Silicon Graphics, Inc.

sort

Category: algorithms Component type: function

Prototype

Sort is an overloaded name; there are actually two sort functions.
template <class RandomAccessIterator>
void sort(RandomAccessIterator first, RandomAccessIterator last);

template <class RandomAccessIterator, class StrictWeakOrdering>
void sort(RandomAccessIterator first, RandomAccessIterator last,
          StrictWeakOrdering comp);

Description

Sort sorts the elements in [first, last) into ascending order, meaning that if i and j are any two valid iterators in [first, last) such that i precedes j, then *j is not less than *i. Note: sort is not guaranteed to be stable. That is, suppose that *i and *j are equivalent: neither one is less than the other. It is not guaranteed that the relative order of these two elements will be preserved by sort. [1]

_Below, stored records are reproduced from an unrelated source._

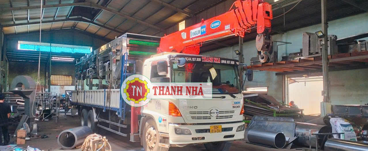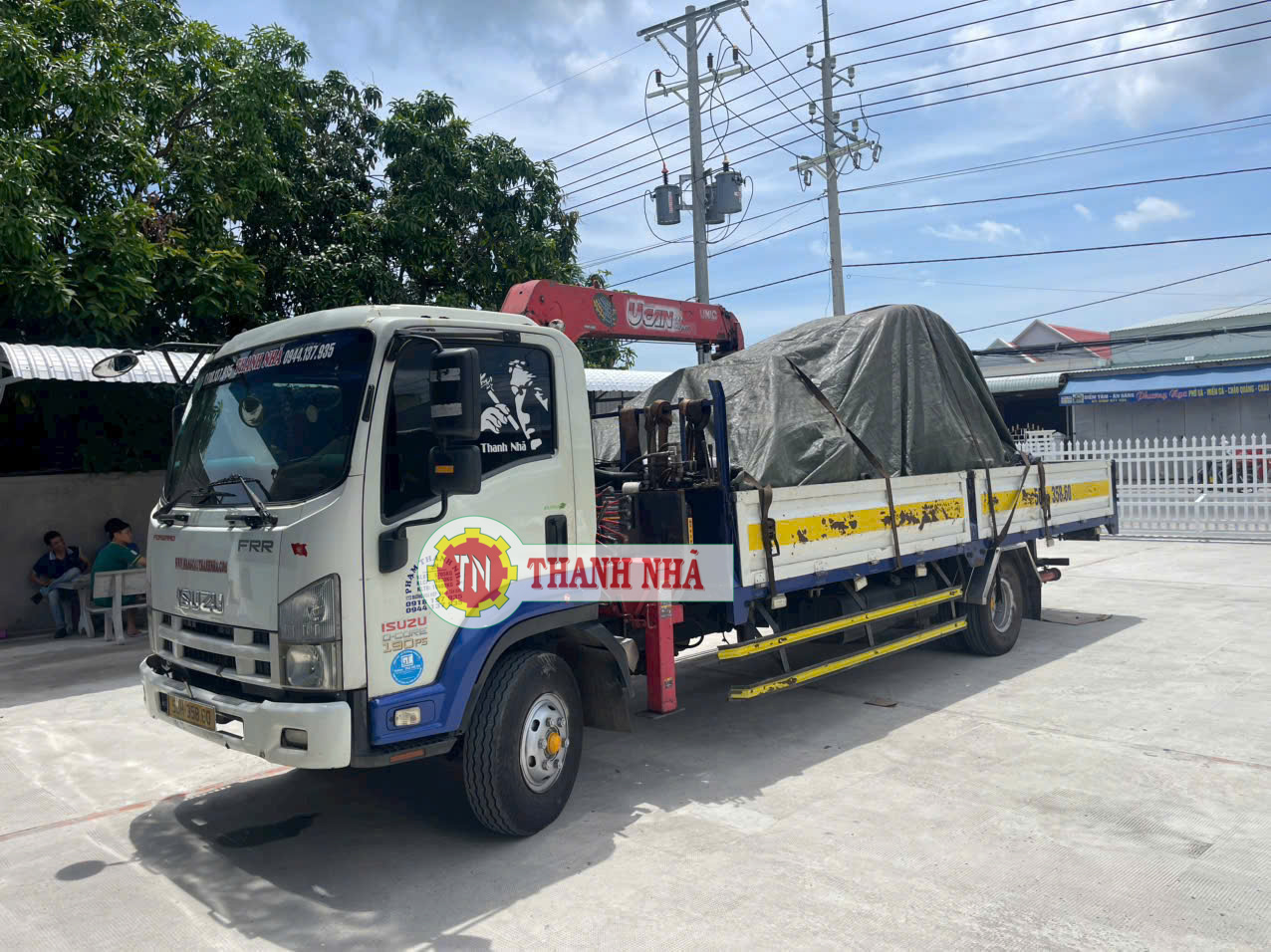 Xe cẩu Thanh Nhã đang vận chuyển các thiết bị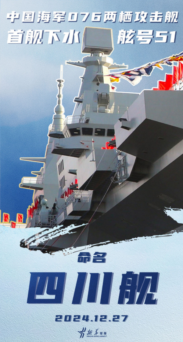 经中央军委批准,076两栖攻击舰首舰命名为“中国人民解放军海军四川舰”,舷号为“51”。四川舰满载排水量4万余吨,设置双舰岛式上层建筑和全纵通飞行甲板,创新应用了电磁弹射和阻拦技术,可搭载固定翼飞机、直升机、两栖装备等,是海军新一代两栖攻击舰,是推进海军转型建设发展、提升远海作战能力的关键装备。该舰下水后,将按计划开展设备调试、系泊试验、航行试验等工作。
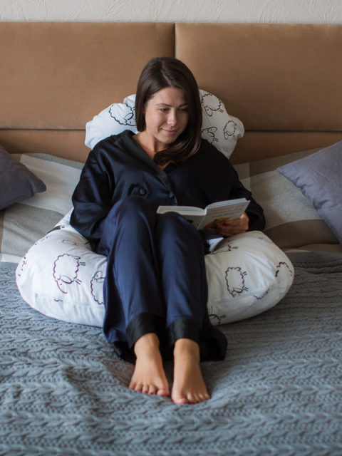 Данное приспособление представляет собой подушку во весь рост с помощью, которой можно принять любую удобную позу во время сна. Подушка сделана из материалов, не вызывающих аллергию и способна выдержать ежедневное использование на протяжении всего срока беременности.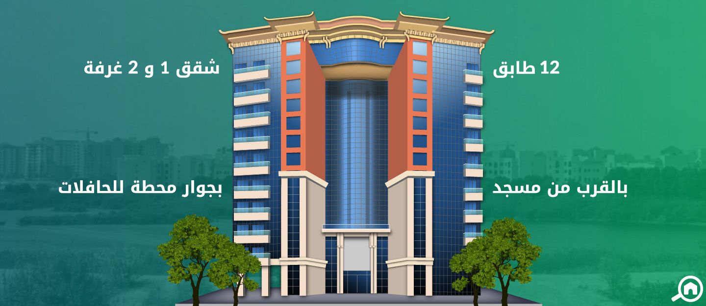 يشتمل مبنى روفى جاردنز على شقق استوديو وشقق غرفة صالة وشقق غرفتين وصالة. يتكون برج ترافلجار من 11 طابقاً ويضم شقق استوديو وشقق غرفة وصالة وشقق غرفتين وصالة. يتكون برج جلوبال جرين فيو 1 أيضاً من 11 طابقاً، ويجدر بالذكر أنه يقع في منطقة مركز الأعمال في المدينة العالمية.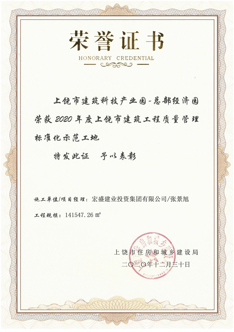 上饒市建筑科技產(chǎn)業(yè)園-總部經(jīng)濟(jì)園項目榮獲“2020年度上饒市建筑工程質(zhì)量管理標(biāo)準(zhǔn)化示范工地”。

The two versions of sort differ in how they define whether one element is less than another. The first version compares objects using operator<, and the second compares objects using a function object comp.

Definition

Defined in algo.h.

Requirements on types

For the first version, the one that takes two arguments: For the second version, the one that takes three arguments:

Preconditions

Complexity

O(N log(N)) comparisons (both average and worst-case), where N is last - first. [2]

Example

int A[] = {1, 4, 2, 8, 5, 7};
const int N = sizeof(A) / sizeof(int);
sort(A, A + N);
copy(A, A + N, ostream_iterator<int>(cout, " "));
// The output is " 1 2 4 5 7 8".

Notes

[1] Stable sorting is sometimes important if you are sorting records that have multiple fields: you might, for example, want to sort a list of people by first name and then by last name. The algorithm stable_sort does guarantee to preserve the relative ordering of equivalent elements.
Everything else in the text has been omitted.